■ Work order:
Instruction for the entries below: return the part that opens with the line containing "被验证为幸运勇士的用户,可领取下方奖励,单Q限领一次" and closes with the line containing "Choose a meditation", exactly, and no pictures.

■ Source data:
****************

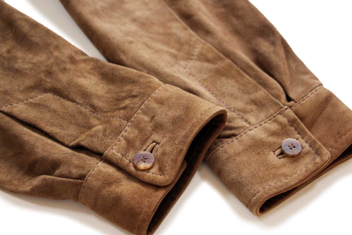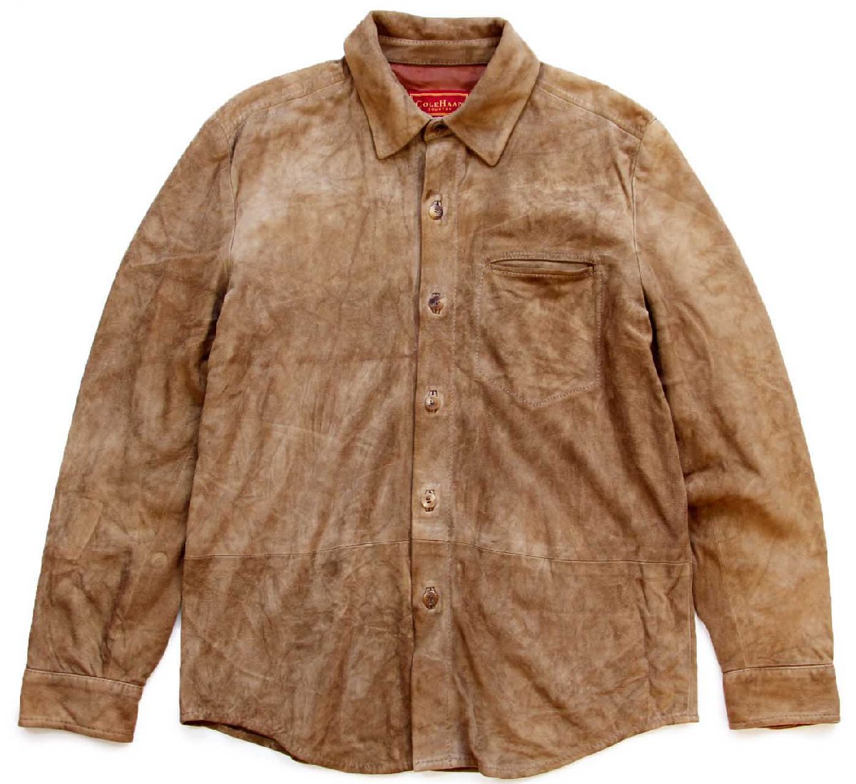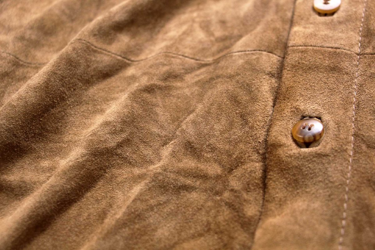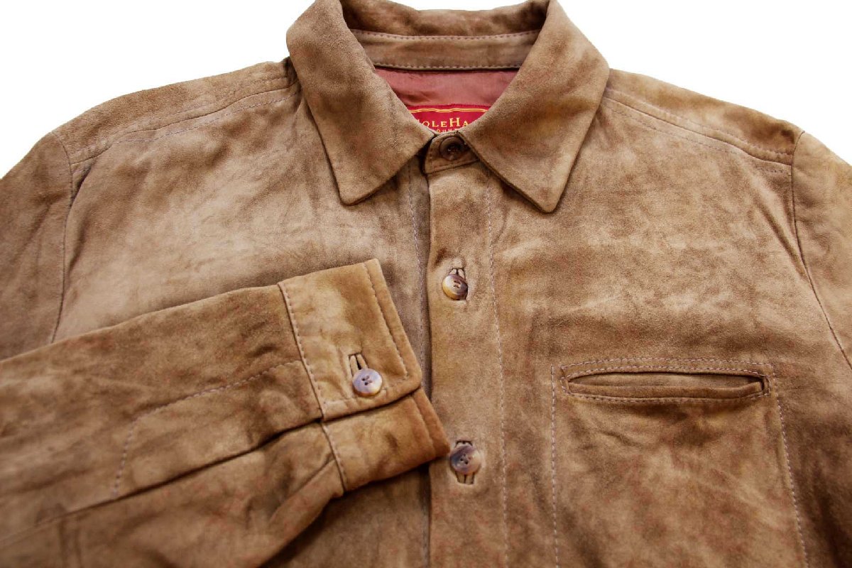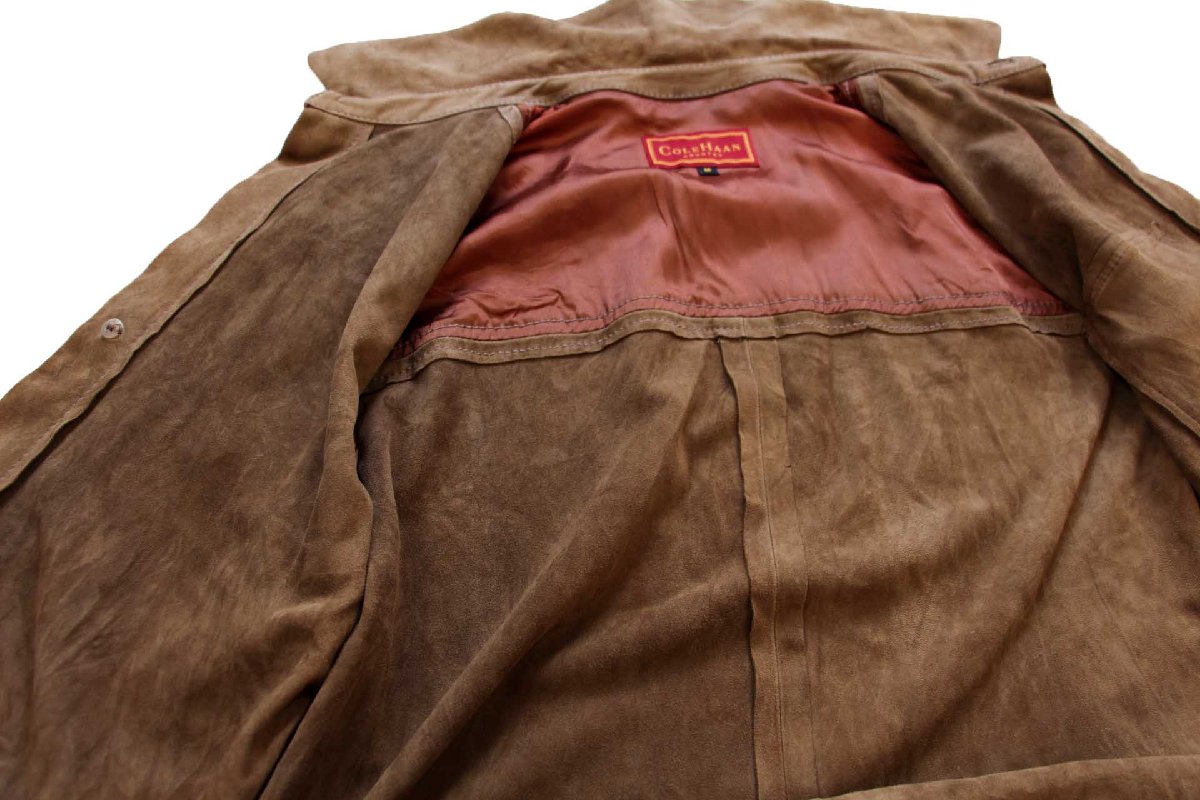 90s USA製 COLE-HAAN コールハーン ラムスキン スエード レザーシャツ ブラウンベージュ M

****************

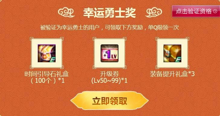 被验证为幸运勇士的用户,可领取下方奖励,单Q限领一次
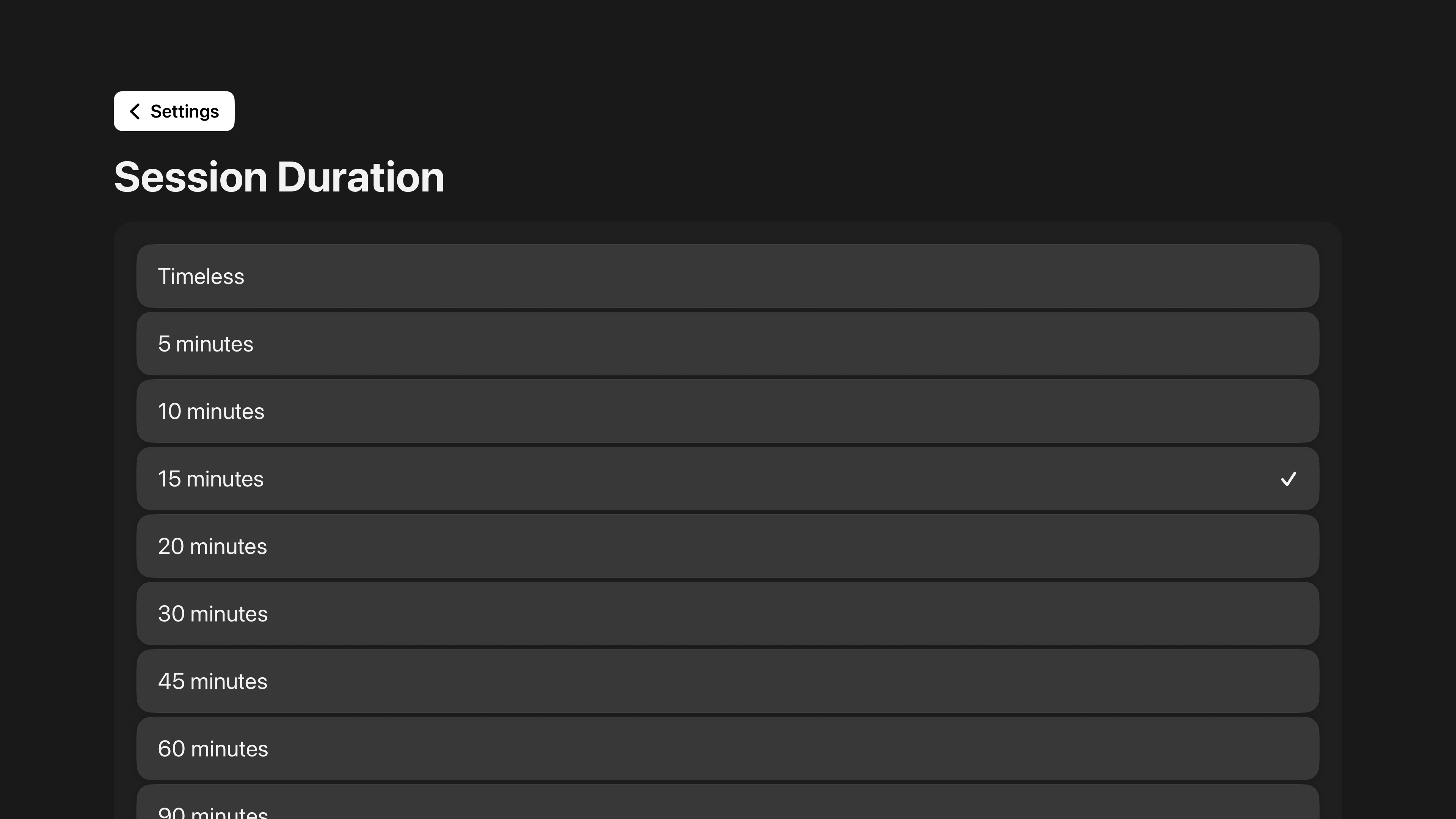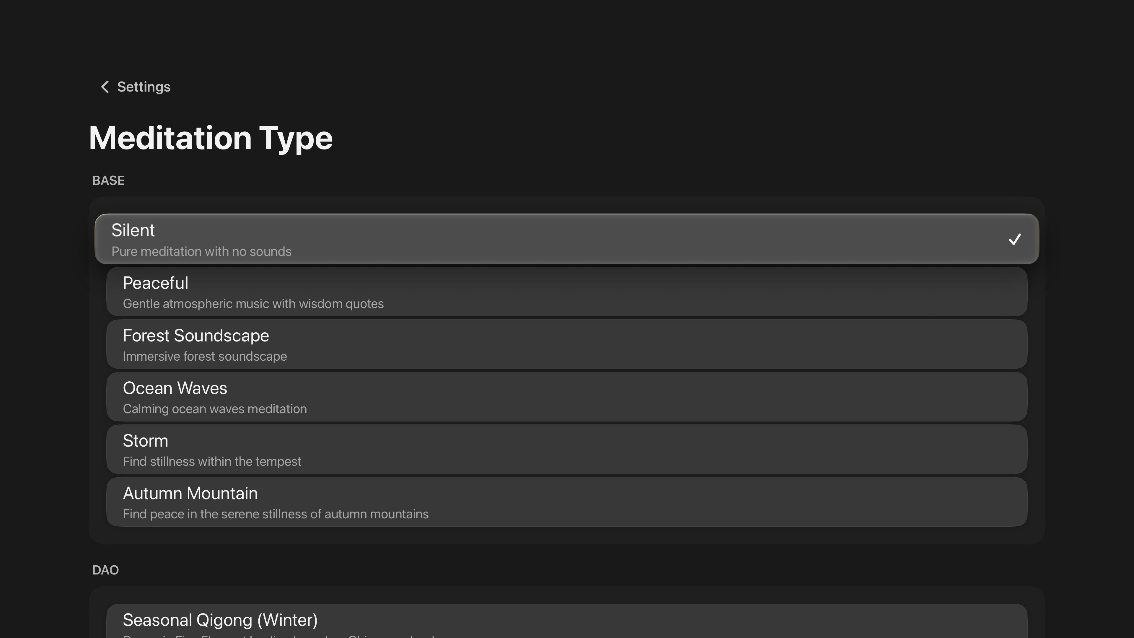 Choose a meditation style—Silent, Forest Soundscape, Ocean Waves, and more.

****************

■ Exercise solution:
 被验证为幸运勇士的用户,可领取下方奖励,单Q限领一次
 Choose a meditation style—Silent, Forest Soundscape, Ocean Waves, and more.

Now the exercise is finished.